Succombant à l’égard du syndicat des copropriétaires et de la SA AXA FRANCE IARD, la SAS JHG sera condamnée à verser, sur le fondement des dispositions de l’article 700 du Code de procédure civile, la somme de 1.500 euros à chacun d’eux.
Aux termes de l’article 514 du Code civil, « les décisions de première instance sont de droit exécutoires à titre provisoire à moins que la loi ou la décision rendue n’en dispose autrement ».

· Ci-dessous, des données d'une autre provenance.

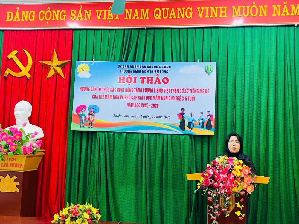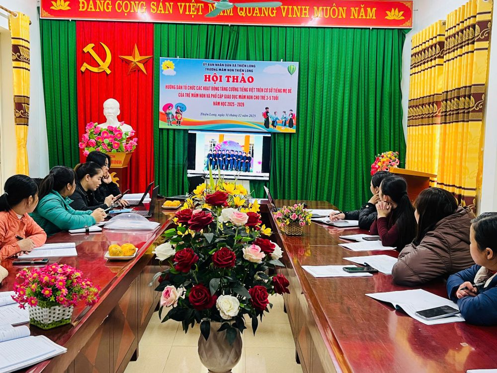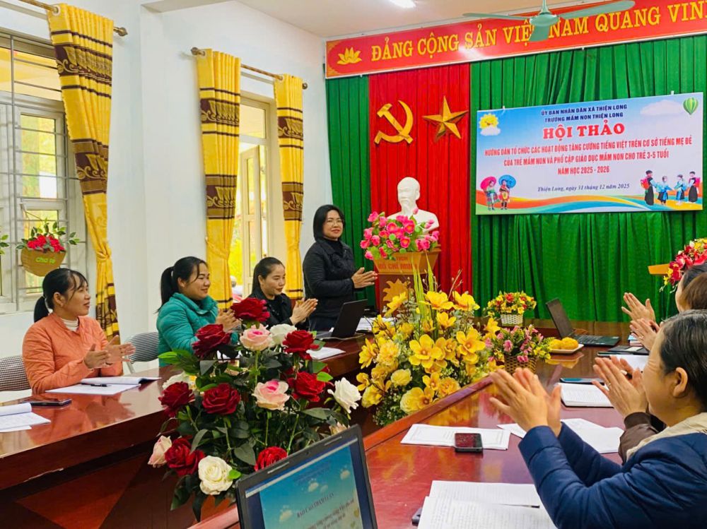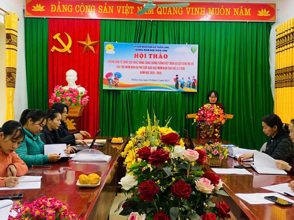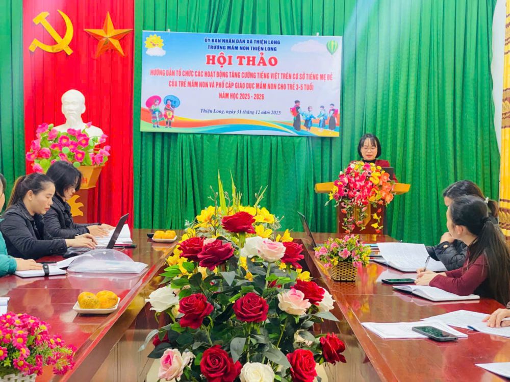 Ngày 31/12/2025, Trường Mầm non Thiện Long đã tổ chức Hội thảo hướng dẫn tổ chức các hoạt động tăng cường tiếng Việt trên cơ sở tiếng mẹ đẻ của trẻ mầm non và phổ cập giáo dục mầm non cho trẻ 3–5 tuổi, năm học 2025–2026.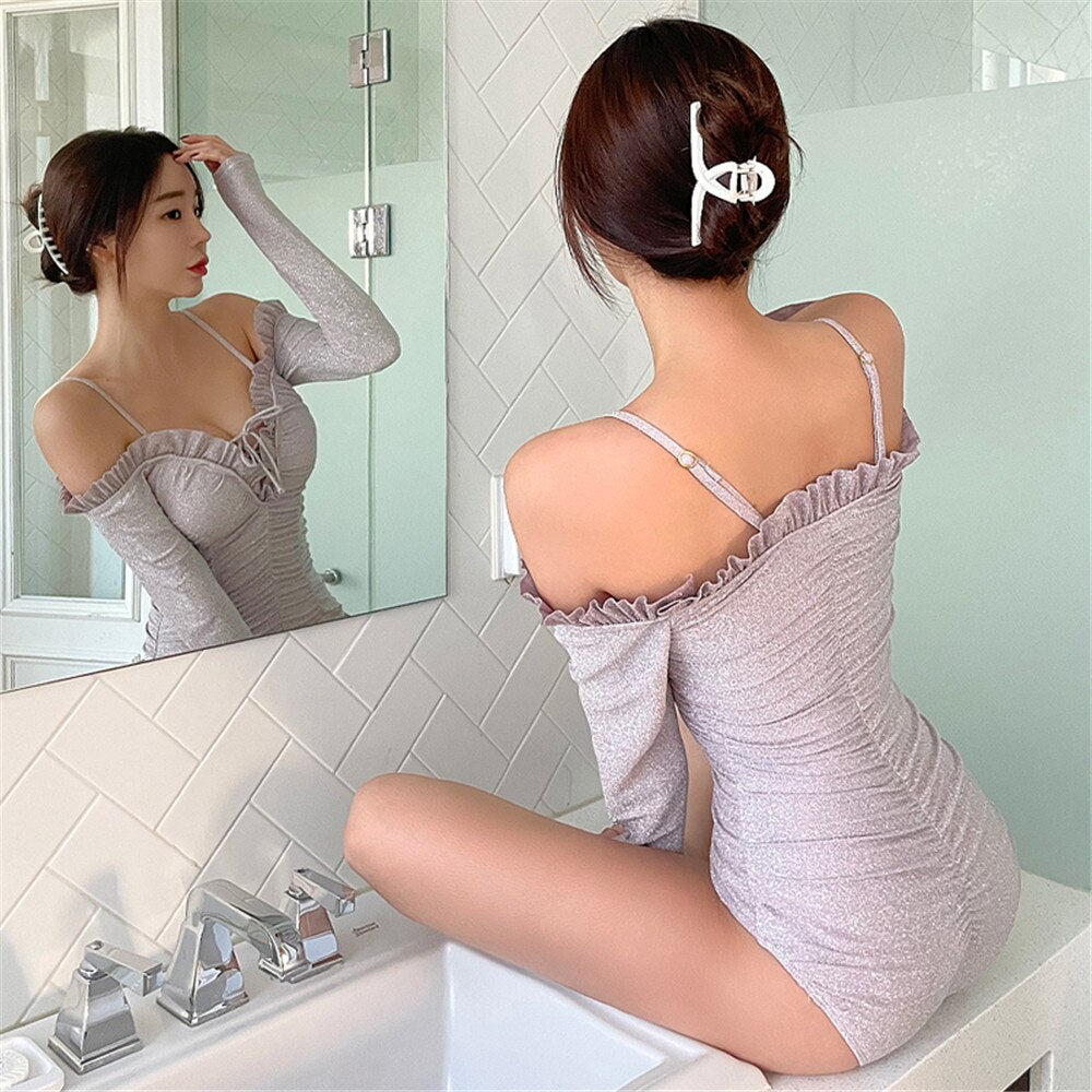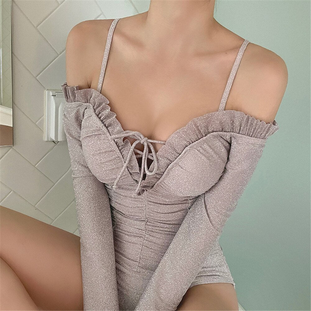 | Sexy Off Shoulder One Piece Swimsuit Women Solid Swimwear Shiny Pleated Monokini Push Up Swim Suit Long Sleeve Trikini Lace Up |

Il sera par conséquent rappelé que le présent jugement est assorti de plein droit de l’exécution provisoire.
PAR CES MOTIFS
Le tribunal, statuant après audience publique, par jugement réputé contradictoire rendu en premier ressort par mise à disposition au greffe de la juridiction,
DECLARE irrecevable car prescrite la demande indemnitaire formulée par la SARL TERTIO et la SARL LIBRAIRIE LAJARRIGE à l’encontre de la SAS JHG sur le fondement des vices cachés ;
REJETTE la demande de travaux sous astreinte formulée par la SARL TERTIO et la SARL LIBRAIRIE LAJARRIGE à l’encontre la SAS JHG ;
REJETTE la demande indemnitaire formulée par la SARL TERTIO et la SARL LIBRAIRIE LAJARRIGE à l’encontre de la SAS JHG sur le fondement de la responsabilité contractuelle et de la responsabilité décennale ;
REJETTE l’ensemble des demandes formulées par la SAS JHG à l’égard de la SARL AA, de M. [Y] [Z], de la SA AXA FRANCE IARD et du syndicat des copropriétaires de la [Adresse 15] du [Adresse 10] Large, représenté par son syndic en exercice, la SAS FONCIA LOIRE-ATLANTIQUE ;
REJETTE les demandes de la SAS JHG, de la SARL TERTIO et de la SARL LIBRAIRIE LAJARRIGE au titre de l’article 700 du Code de procédure civile ;
CONDAMNE la SAS JHG à verser la somme de 1.500 euros à la SA AXA FRANCE IARD au titre de l’article 700 du Code de procédure civile :
CONDAMNE la SAS JHG à verser la somme de 1.500 euros au syndicat des copropriétaires de la [Adresse 16] Large, représentée par son syndic en exercice, la SAS FONCIA LOIRE-ATLANTIQUE, au titre de l’article 700 du Code de procédure civile ;
CONDAMNE la SARL TERTIO et la SARL LIBRAIRIE LAJARRIGE à supporter les dépens de l’instance de fond engagés contre la SAS JHG et les dépens d’exécution susceptibles d’être engagés par cette dernière ;
CONDAMNE la SAS JHG à supporter les dépens de l’instance au fond engagés contre la SARL AA, M. [Y] [Z], la SA AXA FRANCE IARD et le syndicat des copropriétaires de la [Adresse 15] du [Adresse 10] Large, représenté par son syndic en exercice, la SAS FONCIA LOIRE-ATLANTIQUE, ainsi que le dépens d’exécution susceptibles d’être engagés par ces derniers ;
AUTORISE, conformément aux dispositions de l’article 699 du Code de procédure civile, la SELARL Émilie ROUX-COUBARD. à recouvrer directement contre la partie condamnée, ceux des dépens dont elle a fait l’avance sans avoir reçu provision ;
CONDAMNE la SAS JHG à supporter l’intégralité des dépens de l’instance en référé, en eux compris le coût de l’expertise judiciaire réalisée par M. [B] [K] ;
REJETTE toutes autres demandes plus amples ou contraires des parties ;
RAPELLE que le présent jugement est assorti de l’exécution provisoire de plein droit.
En foi de quoi le présent jugement a été signé par le Président et le greffier qui a assisté au prononcé.